I have now introduced the reader to Oldys sitting amidst his “poetical bags,” his “parchment biographical budgets,” his “catalogues,” and his “diaries,” often venting a solitary groan, or active in some fresh inquiry. Such is the Silhouette of this prodigy of literary curiosity!
The very existence of Oldys’s manuscripts continues to be of an ambiguous nature; referred to, quoted, and transcribed, we can but seldom turn to the originals. These masses of curious knowledge, dispersed or lost, have enriched an after-race, who have often picked up the spoil and claimed the victory, but it was Oldys who had fought the battle!
Oldys affords one more example how life is often closed amidst discoveries and acquisitions.
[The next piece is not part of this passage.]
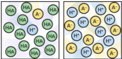 Which diagram (LEFT or RIGHT) represents a weak acid and how did you know?

The literary antiquary, when he has attempted to embody his multiplied inquiries, and to finish his scattered designs, has found that the LABOR ABSQUE LABORE, “the labour void of labour,” as the inscription on the library of Florence finely describes the researches of literature, has dissolved his days in the voluptuousness of his curiosity; and that too often, like the hunter in the heat of the chase, while he disdained the prey which lay before him, he was still stretching onwards to catch the fugitive!
Transvolat in medio posita, et fugientia captat.
At the close of every century, in this growing world of books, may an Oldys be the reader for the nation! Should he be endowed with a philosophical spirit, and combine the genius of his own times with that of the preceding, he will hold in his hand the chain of human thoughts, and, like another Bayle, become the historian of the human mind!